I am new to Pandas and am struggling.我是 Pandas 的新手,正在苦苦挣扎。 Can anyone point me in the right direction?
谁能指出我正确的方向?
Hope this helps:希望这可以帮助:
List of all strings.所有字符串的列表。 This can be part of another dataframe.
这可以是另一个数据框的一部分。 Just select the column where this values are & convert it to list.
只需选择此值所在的列并将其转换为列表。
l = ['rob was born in London', "ben once lived in New York"]

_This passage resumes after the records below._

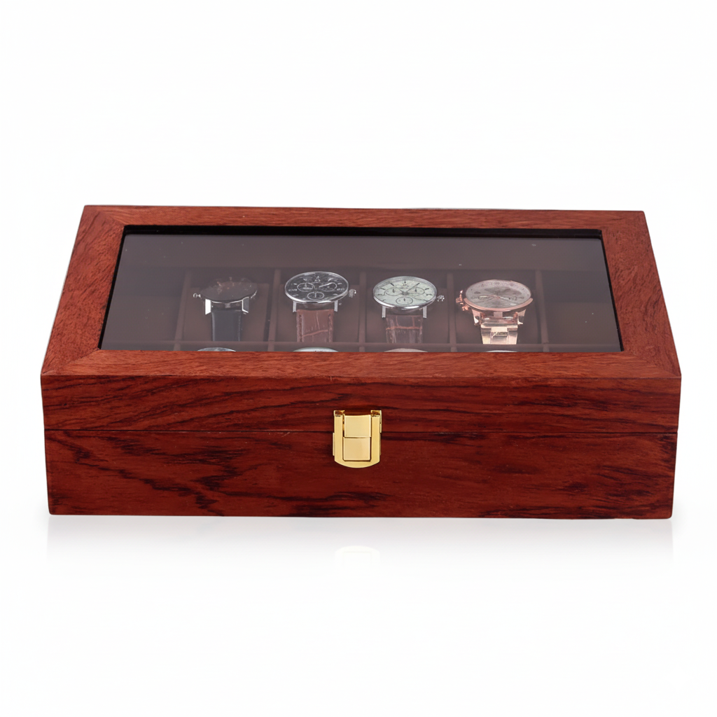 Un Coffret En Bois Pour 12 Montres Avec Couvercle En Verre.
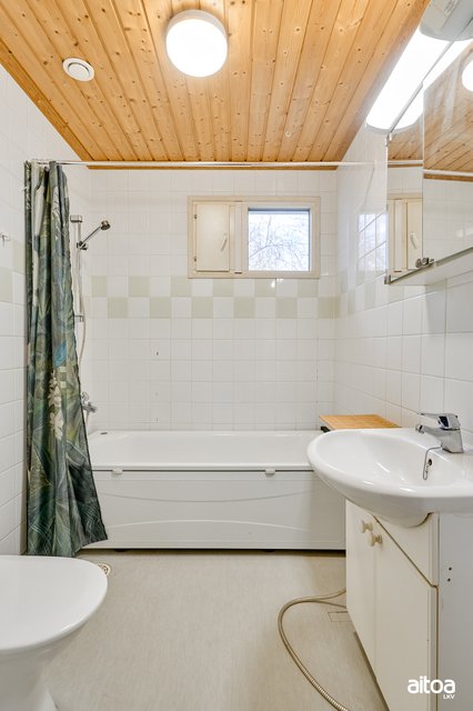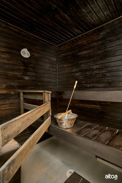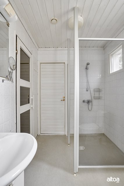 - Saunaosaston yhteydessä kylpyhuone, jossa suihku, wc istuin, peilikaappi, pesuallas ja allaskaappi.
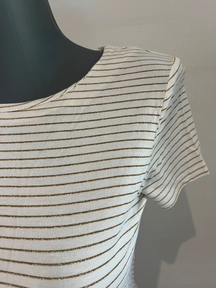 T-shirt à manches courtes rayé blanc cassé et doré Marque : Pimkie Taille : S #HautFemmeSrbspauline
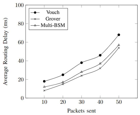 Figure 7 shows the average routing delay alongside the number of packets that are being sent through the network. It is being observed that the most routing delay is incurred in the vouch algorithm, with the Grover and multi-BSM close to each other.
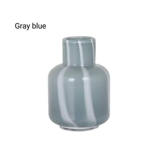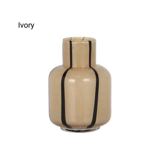 ソフトなカラーリングにライン模様が入ったフラワーベース。色柄はガラスに練り込まれており、飴玉のような艶めきが魅力的。小ぶりでちょっとしたスペースに置きやすく安定感があるため、花を活けずにそのまま置いても映える商品です。
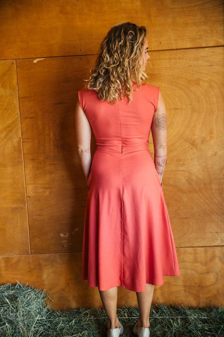 Linen / rayon blend, 55% Linen 45% rayon. In a bold sunset orange pink color
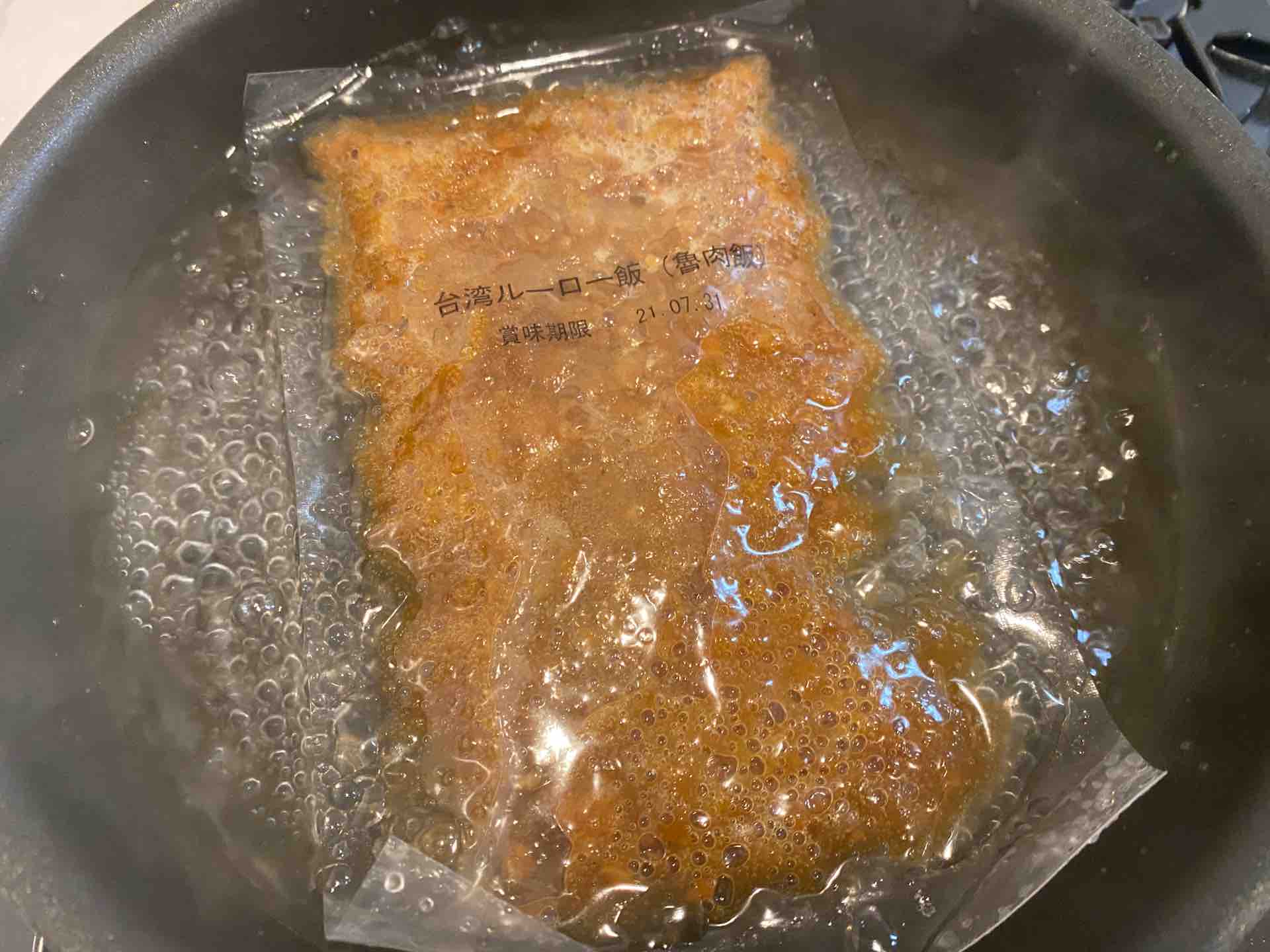 指示通り10分、沸騰したお湯に入れて温めます。
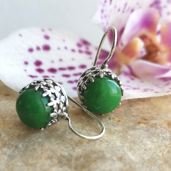Серьги из серебра 925 пробы, вставка нефрит. Диаметр вставки 10 мм. Длина серег с дужкой 25 мм. Средний вес изделия 6,3 гр. Производство Израиль.
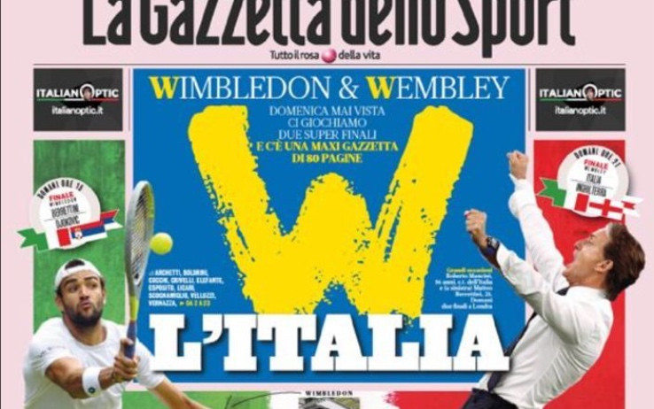 Matteo Berrettini e la sua storica finale di Wimbledon dominano le prime pagine di tutti i quotidiani sportivi: accanto a lui, spazio anche alla Nazionale, che si avvicina alla finale contro l’Inghilterra.
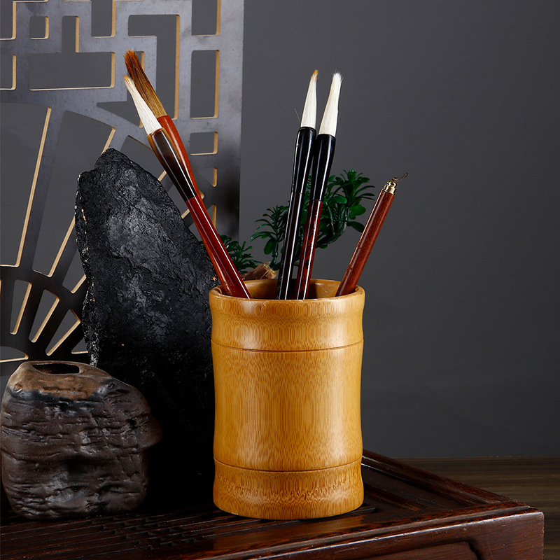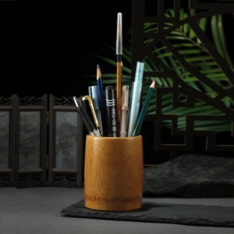 천연 대나무 및 나무 펜 케이스 다기능 고급 레트로 라운드 펜 배럴 중국식 사무실 공부방 장식품 보관함스토어 가기
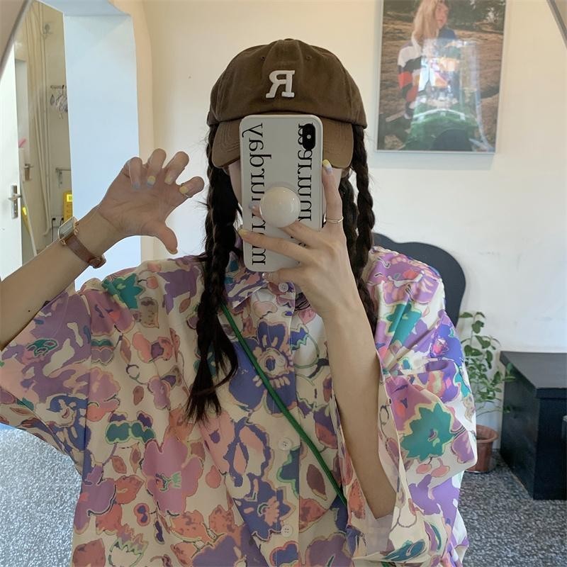 MIMI&DIDI#เสื้อเชิ้ตแขนสั้นลำลอง เสื้อพิมพ์ลายน่ารัก POLO คอ ลวดลายสวยงามมาก เหมาะกับชุดหวานๆน่ารัก#W336
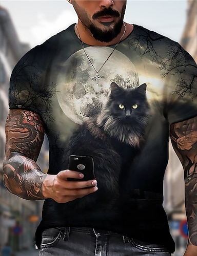 Männer Kurzarm Grafik T-Shirt mit Liebe Herz Kreuz Augen Gesicht Design Lässiges Lebensstil Oberteil
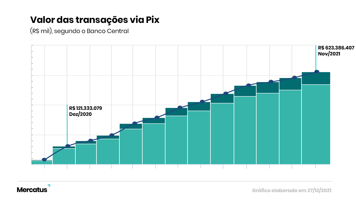 Em dezembro do ano passado, foram R$ 121,3 milhões transferidos instantaneamente. Um ano depois, em novembro de 2021, o montante registrado pelo BC já era de R$ 623,3 milhões.
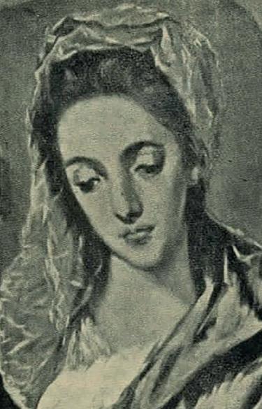 Copia de la virgen del Greco. Obra de Juan Garín. Imagen reproducida en la revista Deitania, en su edición número tres, referida al año 1955 y publicada por el Instituto Juan de la Cierva y Codorníu.
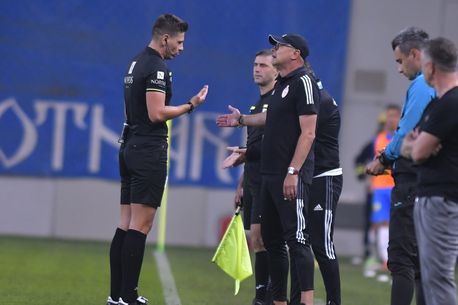 Gheorghe Hagi (S), antrenorul echipei FC Viitorul, discuta cu arbitrul Ionut Coza (D) in timpul meciului de fotbal contra echipei FC Voluntari din etapa a VIII-a a play-out-ului Ligii 1, disputat pe stadionul Anghel Iordanescu din Voluntari, luni, 6 iulie 2020. GEORGE FILIP/ MEDIAFAX FOTO

The dataframe from your example您示例中的数据框
df = pd.DataFrame({'name': ['ben', 'rob', 'james'],
'age': [66, 45, 22],
'city': ['NY', 'LON', 'LA']})
Final dataset where string
& age
exist.存在
string
和age
的最终数据集。
age_dat = pd.DataFrame()
The first for-loop, loops over names from your original ( df
) dataset.第一个 for 循环遍历原始 (
df
) 数据集中的名称。 The second for-loop loops over list of sentences
(list l
).第二个 for 循环遍历
sentences
列表(列表l
)。 If any name is found in l
, it gets appended in age_dat
.如果在
l
中找到任何名称,则将其附加到age_dat
中。
for x in list(df.name):
for z in l:
if x in z:
dat = pd.DataFrame()
dat['string']=[z]
dat['age'] = [df[df['name']==x].age.tolist()[0]]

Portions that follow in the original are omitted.